- [Prompt] Once the images are set aside, print the remaining lines below exactly.

- [Data shown]
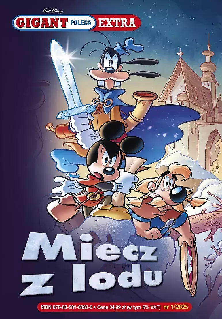 Akcja "Miecza z lodu" rozgrywa się w krainie Argaar, świecie fantasy wyraźnie inspirowanym mitologią nordycką z pewnymi naleciałościami SF w postaci obecnej tu i ówdzie nowoczesnej technologii (skąd ja znam takie połączenie?). Grający główne role Goofy i Miki nie są jednak alternatywnymi wersjami samych siebie, a tymi dobrze znanymi z komiksów, którzy ze swojej rzeczywistości przenoszą się do sąsiedniego wymiaru. W wyniku pewnych wydarzeń Goofy zostaje uznany za krewnego dawnego herosa, Alfa, i jako taki zostaje poproszony przez mieszkańców krainy o pomoc w walce z ciemiężącym Argaar Księciem Mgieł. Tak pokrótce prezentuje się fabuła pierwszej z zawartych tu opowieści – a tych jest pięć (podzielonych na w sumie 12 części): oryginalna trylogia ze scenariuszem i rysunkami De Vity z lat 1982-1984, napisana wspólnie z Fabio Michelinim część czwarta z 1993 roku oraz świeża, bo wydana w 2022 roku kontynuacja ze scenariuszem Marco Nucciego i grafiką Christiana Canfailly. Kolejne historie to kolejne odwiedziny tego świata, nowe zagrożenia, powroty dawnych antagonistów i tym podobne motywy.
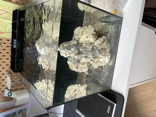Det er et Waterbox Peninsula 15, som blev startet op 8/8-21 med hele nye sten og en enkelt fra mit store akvarie til at pode.
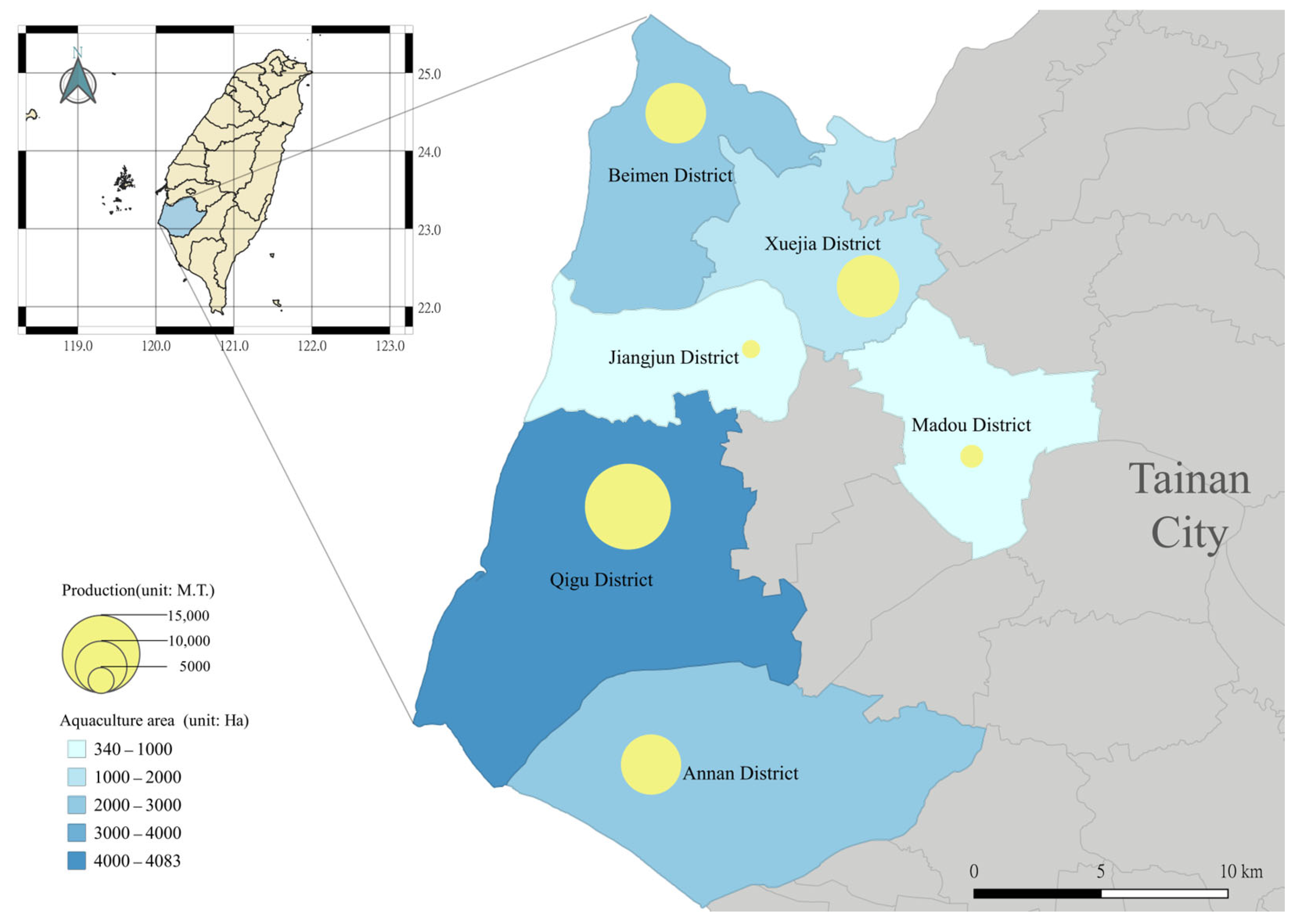 - Taiwan Fisheries Agency. Fisheries Statistical Yearbook: Taiwan, Kinmen and Matsu Area; Taiwan Fisheries Agency: Taipei, Taiwan, 2022. Available online: https://www.fa.gov.tw/list.php?theme=FS_AR&subtheme= (accessed on 12 October 2025).

- [Result]
 Akcja "Miecza z lodu" rozgrywa się w krainie Argaar, świecie fantasy wyraźnie inspirowanym mitologią nordycką z pewnymi naleciałościami SF w postaci obecnej tu i ówdzie nowoczesnej technologii (skąd ja znam takie połączenie?). Grający główne role Goofy i Miki nie są jednak alternatywnymi wersjami samych siebie, a tymi dobrze znanymi z komiksów, którzy ze swojej rzeczywistości przenoszą się do sąsiedniego wymiaru. W wyniku pewnych wydarzeń Goofy zostaje uznany za krewnego dawnego herosa, Alfa, i jako taki zostaje poproszony przez mieszkańców krainy o pomoc w walce z ciemiężącym Argaar Księciem Mgieł. Tak pokrótce prezentuje się fabuła pierwszej z zawartych tu opowieści – a tych jest pięć (podzielonych na w sumie 12 części): oryginalna trylogia ze scenariuszem i rysunkami De Vity z lat 1982-1984, napisana wspólnie z Fabio Michelinim część czwarta z 1993 roku oraz świeża, bo wydana w 2022 roku kontynuacja ze scenariuszem Marco Nucciego i grafiką Christiana Canfailly. Kolejne historie to kolejne odwiedziny tego świata, nowe zagrożenia, powroty dawnych antagonistów i tym podobne motywy.
Det er et Waterbox Peninsula 15, som blev startet op 8/8-21 med hele nye sten og en enkelt fra mit store akvarie til at pode.
 - Taiwan Fisheries Agency. Fisheries Statistical Yearbook: Taiwan, Kinmen and Matsu Area; Taiwan Fisheries Agency: Taipei, Taiwan, 2022. Available online: https://www.fa.gov.tw/list.php?theme=FS_AR&subtheme= (accessed on 12 October 2025).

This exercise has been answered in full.